Recordando a Conferência de Aparecida

Iniciamos a preparação da Conferência Eclesial da Igreja na América Latina e no Caribe, a ser realizada de 21 a 28 de novembro deste ano na Cidade do México. Em vez de convocar uma nova Conferência Geral, só de bispos, representando a Igreja em nosso continente, o Papa Francisco decidiu convocar uma Conferência Eclesial, com representantes de todas as categorias do povo de Deus: bispos, sacerdotes e diáconos, consagrados e leigos.

A preparação da Conferência Eclesial deverá ser um exercício de sinodalidade, mediante a escuta e uma ampla participação dos membros das comunidades eclesiais.

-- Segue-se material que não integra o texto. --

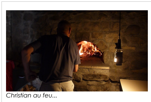
Christian au feu...

C'est donc sous un grand soleil que nous nous sommes retrouvés à 16 personnes au hameau du Fein, au dessus de Chorges. Premier travail, décharger la remorque du bois récupéré depuis plusieurs mois et ranger celui-ci dans le four, à une portée de main de l'ouverture de l'ancre mystérieux fermé pour l'instant d'une porte en bon métal épais.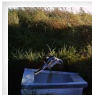
Nördlicher Raubwürger ( Lanius excubitor )

Die Fangwannen wurden am häufigsten von der Katze (2014), vom Waschbär (2017) und von der Elster (2018) geleert. 73% bzw. 68% der Feldmäuse wurden 2014 bzw. 2017 aus der Fangwanne entnommen. 2018 wurden 46% der Feldmäuse entnommen. Die Standby-Box wurden am häufigsten von der Katze (2014; 2018) und vom Waschbär (2017) geleert. Insgesamt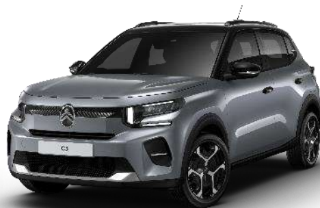
Mercury Grey Techo Color Carrocería - Opción Color Clip Blanco Polar Opción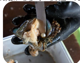
生産力の向上に期待

コラムを開始した2016年から真珠業界を取り巻く環境も大きく変化しています。2020年以降に中国市場の需要が高まり、真珠在庫が一気に品薄となり、製品、原料ともに価格が高騰しました。真珠の養殖状況は、さほど変化は見られません。更に職人の高齢化、廃業が進んでいます。養殖場では日夜科学の力を駆使して養殖技術の向上に取り組んでいると思われます。時間と経費はかかるかもしれませんが、地道な努力による品質向上を願います。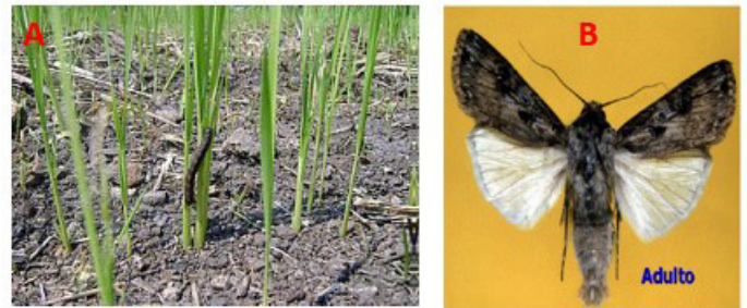
Figura 7. A. Gusano cogollero atacando una plantación joven de arroz. B. Adulto de S. frugiperda .

llegan a causar un impacto negativo cuando la temperatura del ambiente alcanza unos 30°C, las larvas se alimentan de nervaduras, tallos y hasta perforan la planta. En la figura 7 se observa el estado adulto y los daños ocasionados por larvas de S. frugiperda .

Todos poderão propor as suas reflexões e oferecer as suas contribuições, para desenvolver e aprofundar o tema da Assembleia: “Somos todos discípulos missionários em saída”. Deseja o Papa que o processo de preparação e realização da Conferência Eclesial retome as propostas e orientações do Documento de Aparecida, resultante da 5ª Conferência Geral do Episcopado de nosso continente, em 2007, para ver que passos foram dados depois da Conferência de Aparecida e quais são as questões que não foram ainda bastante trabalhadas. Esta é também uma boa ocasião para nos darmos conta dos novos desafios postos à vida e à missão da Igreja, depois de 2007.

Vale a pena revisitar o Documento de Aparecida, que ofereceu diretrizes muito ricas para a vida eclesial. O tema daquela Conferência foi: “Discípulos e missionários de Jesus Cristo, para que, nele, nossos povos tenham vida”. Os cristãos são discípulos de Jesus Cristo e isso significa que a sua pessoa, com todo o seu significado para nós, deve estar sempre no centro da vida da Igreja e dos cristãos. Isso torna indispensável aprofundar constantemente a relação pessoal de cada cristão com Cristo, mediante uma genuína experiência de fé e de pertença a Ele e à comunidade da Igreja. O Cristianismo não é uma ideologia, mas o fruto de um chamado e de um encontro pessoal com Jesus Cristo, que chama ao seu seguimento e a viver uma relação pessoal com Ele e, através Dele, com Deus.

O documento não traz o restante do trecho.